---------- Material shown ----------

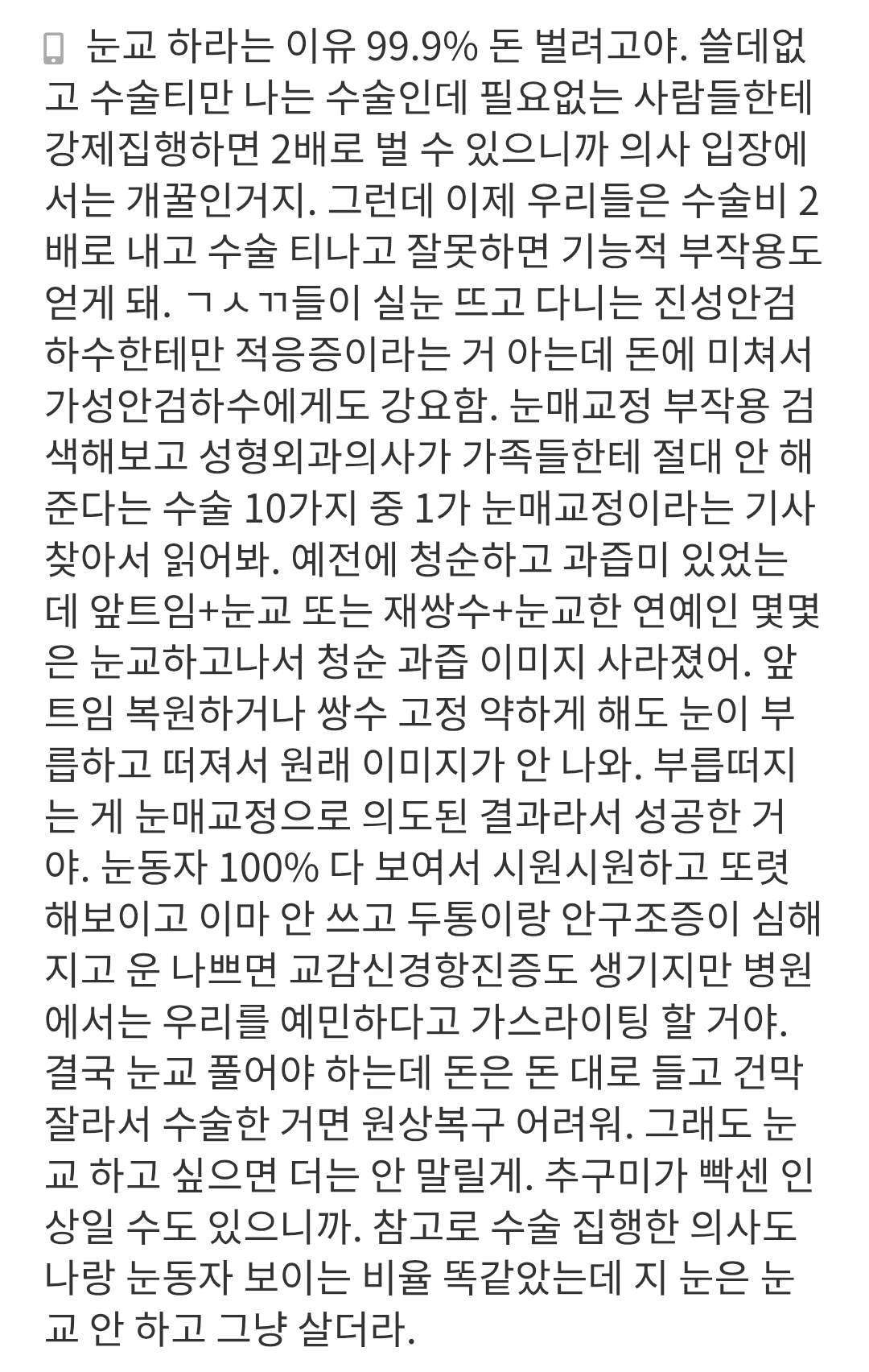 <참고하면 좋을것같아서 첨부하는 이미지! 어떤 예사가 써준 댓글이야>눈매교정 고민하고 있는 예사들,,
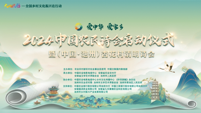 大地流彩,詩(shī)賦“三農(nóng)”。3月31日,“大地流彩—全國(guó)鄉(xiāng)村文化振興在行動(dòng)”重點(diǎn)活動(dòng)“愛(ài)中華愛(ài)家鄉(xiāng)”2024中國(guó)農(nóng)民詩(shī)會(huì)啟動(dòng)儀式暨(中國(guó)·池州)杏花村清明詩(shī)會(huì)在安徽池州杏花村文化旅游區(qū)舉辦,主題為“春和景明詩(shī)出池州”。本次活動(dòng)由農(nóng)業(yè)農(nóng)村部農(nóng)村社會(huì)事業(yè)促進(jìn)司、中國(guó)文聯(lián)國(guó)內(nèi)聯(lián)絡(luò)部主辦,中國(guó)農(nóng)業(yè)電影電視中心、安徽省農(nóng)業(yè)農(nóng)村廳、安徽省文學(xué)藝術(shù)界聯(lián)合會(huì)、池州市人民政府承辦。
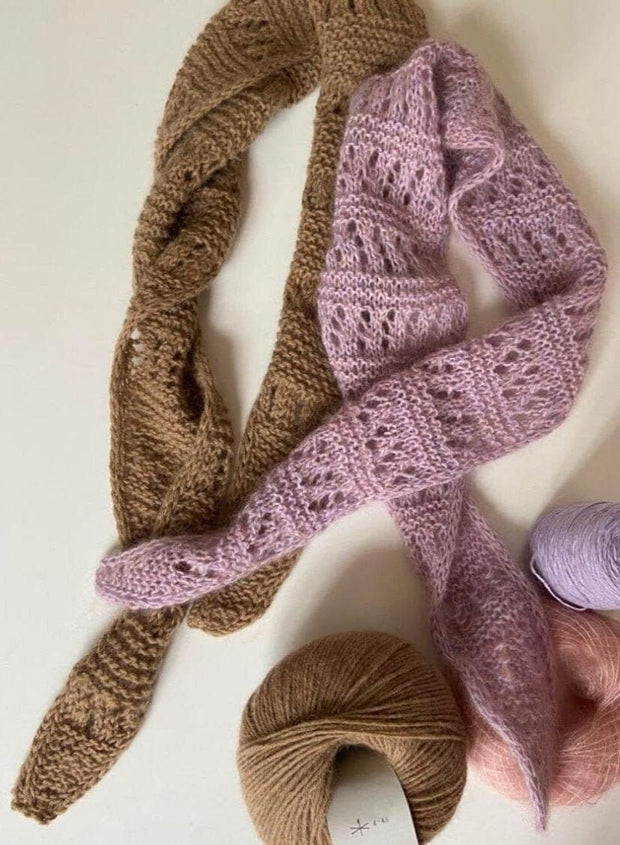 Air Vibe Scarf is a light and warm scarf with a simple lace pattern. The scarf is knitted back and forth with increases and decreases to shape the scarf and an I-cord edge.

----------
---------- Material shown ----------

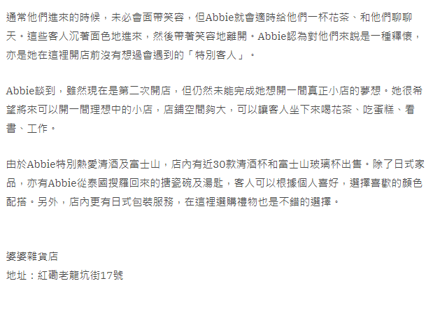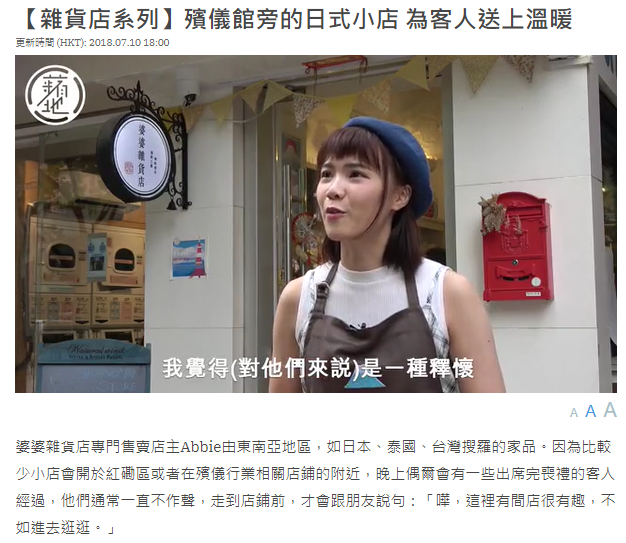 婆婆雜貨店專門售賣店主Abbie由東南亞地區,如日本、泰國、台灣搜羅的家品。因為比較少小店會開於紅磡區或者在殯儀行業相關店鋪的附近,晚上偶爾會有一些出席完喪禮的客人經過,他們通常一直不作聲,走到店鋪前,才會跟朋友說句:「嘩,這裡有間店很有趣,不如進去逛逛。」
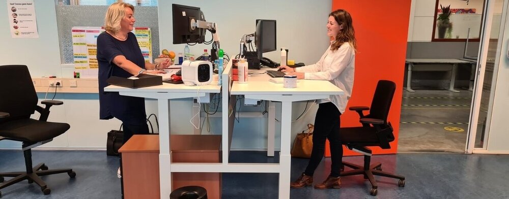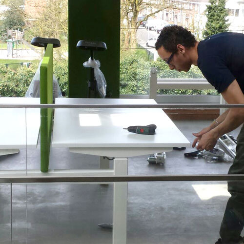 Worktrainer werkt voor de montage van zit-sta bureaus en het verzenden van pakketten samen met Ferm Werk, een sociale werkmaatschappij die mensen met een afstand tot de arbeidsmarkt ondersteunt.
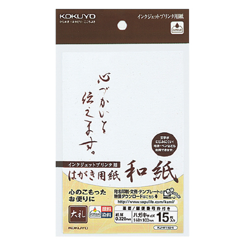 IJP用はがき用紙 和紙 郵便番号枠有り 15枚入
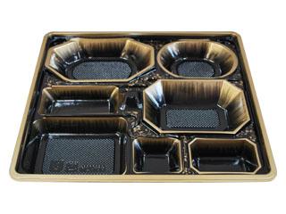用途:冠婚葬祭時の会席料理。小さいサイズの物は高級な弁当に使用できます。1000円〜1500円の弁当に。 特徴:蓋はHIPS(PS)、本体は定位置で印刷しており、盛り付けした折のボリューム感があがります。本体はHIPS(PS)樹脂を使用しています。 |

----------
---------- Material shown ----------

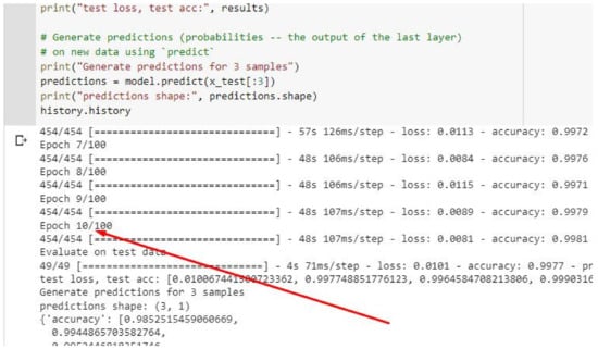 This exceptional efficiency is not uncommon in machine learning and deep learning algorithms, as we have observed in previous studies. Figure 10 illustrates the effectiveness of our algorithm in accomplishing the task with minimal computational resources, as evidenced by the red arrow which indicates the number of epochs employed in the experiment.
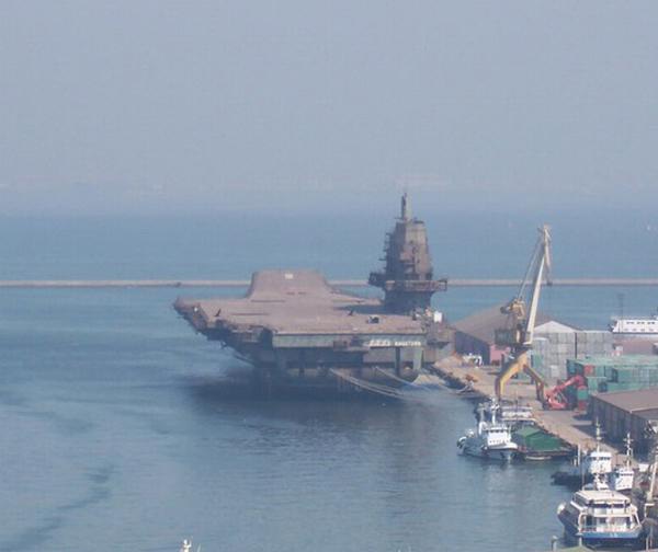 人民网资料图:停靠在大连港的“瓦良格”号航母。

----------

Going by the entries above, repeat exactly the lines that start at the line with "<참고하면 좋을것같아서 첨부하는" and go on through the line with "Air Vibe Scarf". Pictures are not part of the copy.

 <참고하면 좋을것같아서 첨부하는 이미지! 어떤 예사가 써준 댓글이야>눈매교정 고민하고 있는 예사들,,
 大地流彩,詩(shī)賦“三農(nóng)”。3月31日,“大地流彩—全國(guó)鄉(xiāng)村文化振興在行動(dòng)”重點(diǎn)活動(dòng)“愛(ài)中華愛(ài)家鄉(xiāng)”2024中國(guó)農(nóng)民詩(shī)會(huì)啟動(dòng)儀式暨(中國(guó)·池州)杏花村清明詩(shī)會(huì)在安徽池州杏花村文化旅游區(qū)舉辦,主題為“春和景明詩(shī)出池州”。本次活動(dòng)由農(nóng)業(yè)農(nóng)村部農(nóng)村社會(huì)事業(yè)促進(jìn)司、中國(guó)文聯(lián)國(guó)內(nèi)聯(lián)絡(luò)部主辦,中國(guó)農(nóng)業(yè)電影電視中心、安徽省農(nóng)業(yè)農(nóng)村廳、安徽省文學(xué)藝術(shù)界聯(lián)合會(huì)、池州市人民政府承辦。
 Air Vibe Scarf is a light and warm scarf with a simple lace pattern. The scarf is knitted back and forth with increases and decreases to shape the scarf and an I-cord edge.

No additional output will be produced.